Install dependencies with npm install, build with npm run build, and start the server with npm start. Configure it for Claude Desktop by adding a steel-puppeteer entry to claude_desktop_config.json with the compiled index.js path and appropriate environment variables (STEEL_LOCAL, STEEL_API_KEY, STEEL_URL).

Key features of Steel Puppeteer

  • Browser automation with Puppeteer
  • Steel integration for session management
  • Console log monitoring and capture
  • Screenshot capture of pages or elements
  • JavaScript execution in the browser
  • Web interaction: navigation, clicking, form filling
  • Content extraction with token limit handling
  • Lazy-loading support through scrolling

Use cases of Steel Puppeteer

  • Have an LLM navigate to a URL and take a screenshot.
  • Automate form filling and clicking on a web page.
  • Extract page content or execute custom JavaScript for data mining.
  • Monitor browser console logs during automated testing.
  • Scroll through lazy-loaded pages to capture all content.

FAQ from Steel Puppeteer

What environment variables are required?

STEEL_LOCAL (optional, default "false"): set to "true" for local Steel instance.
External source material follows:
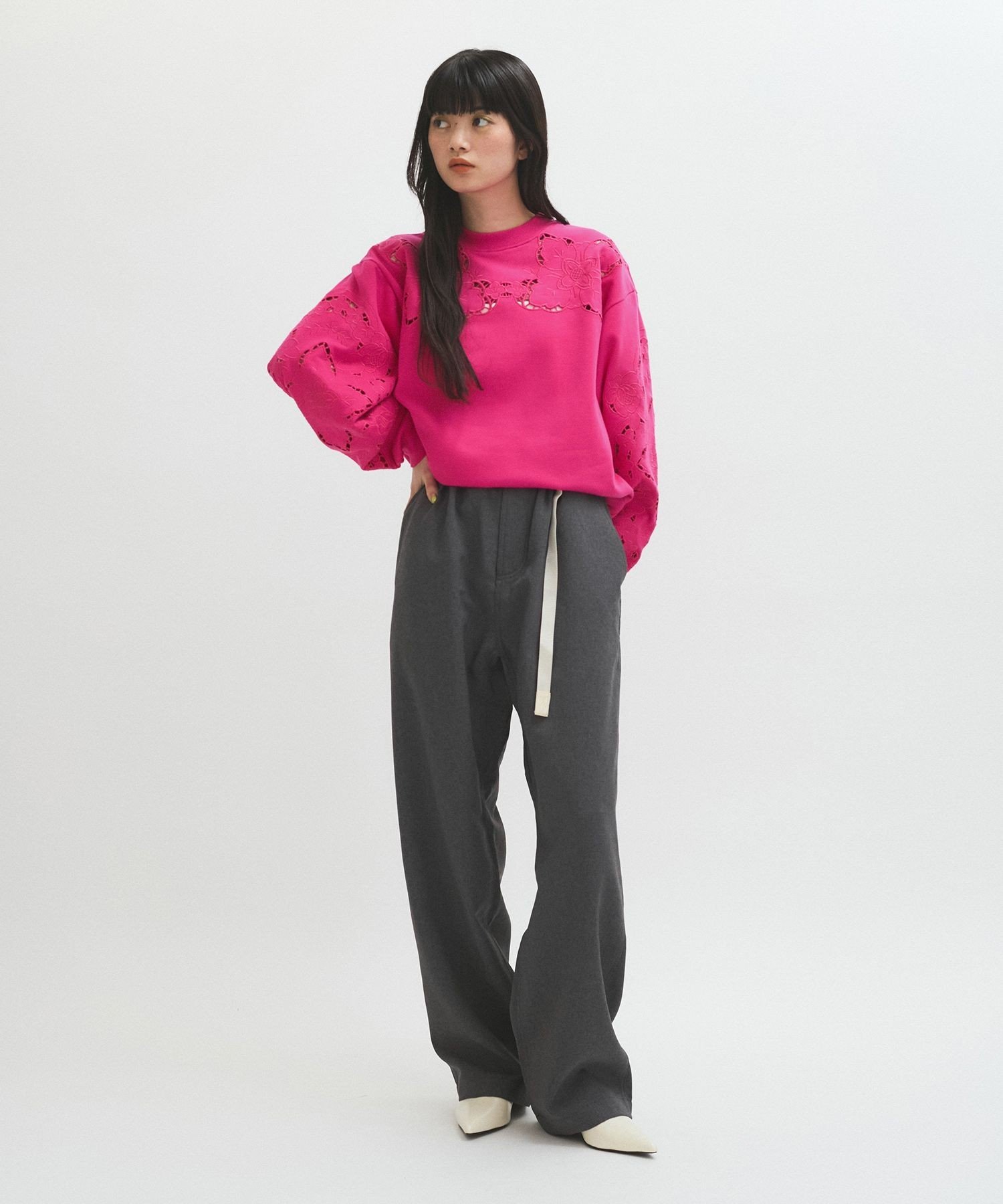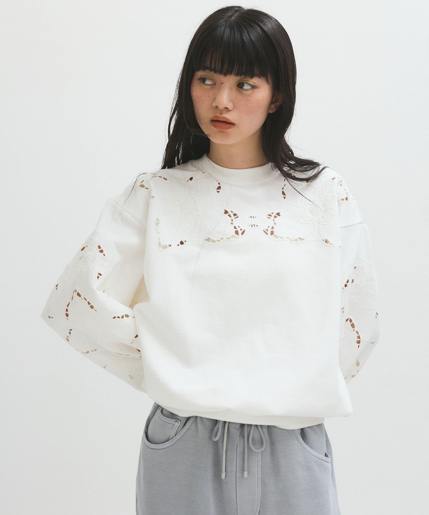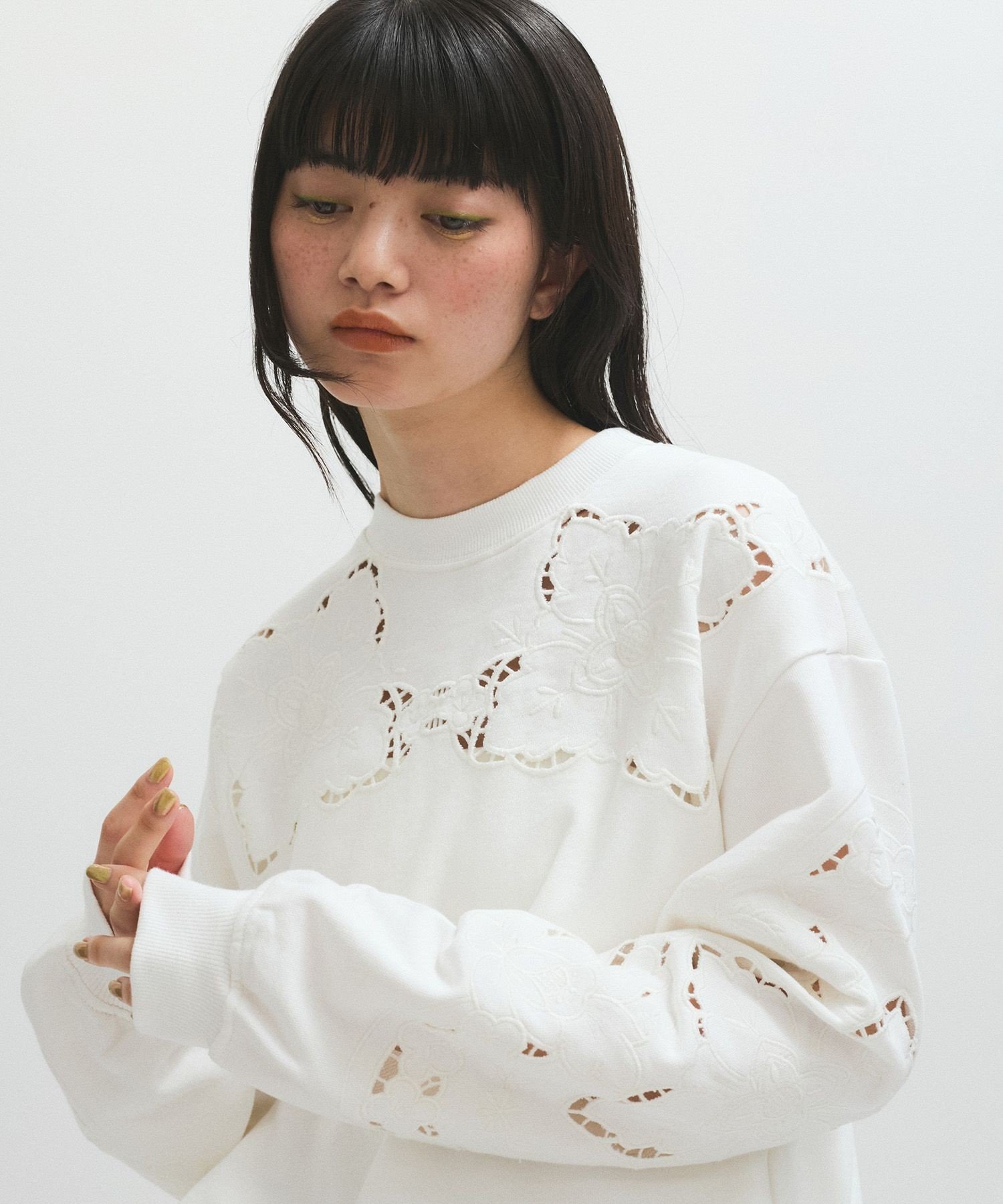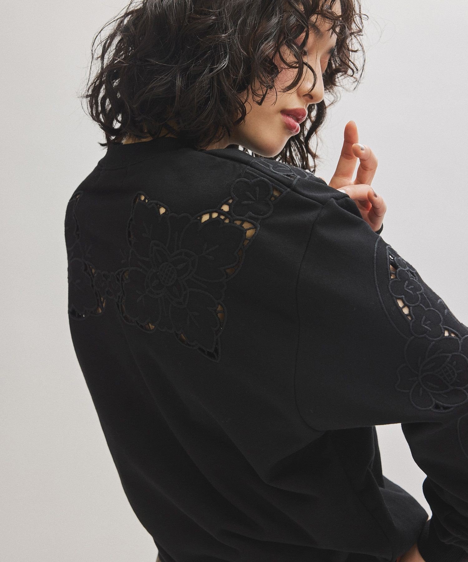 ADAM ET ROPE' FEMME 【VIOLETTE ROOM for ADAM ET ROPE'】 EMBROIDERY SWEATSHIRT アダムエロペ トップス スウェット・トレーナー ホワイト ブラック ピンク【送料無料】

STEEL_API_KEY required only if STEEL_LOCAL is "false". STEEL_URL optional for custom Steel deployment.

How do I run Steel Puppeteer locally?

Install dependencies (npm install), build (npm run build), then start (npm start). If using a local Steel instance, set STEEL_LOCAL=true in a .env file.

What tools does Steel Puppeteer provide?

It provides nine tools: puppeteer_navigate, puppeteer_screenshot, puppeteer_click, puppeteer_fill, puppeteer_select, puppeteer_hover, puppeteer_evaluate, puppeteer_get_content, and puppeteer_scroll.

What resources are exposed?

Two resource types: console logs (console://logs) for browser console output, and screenshot images (screenshot://<name>) captured during sessions.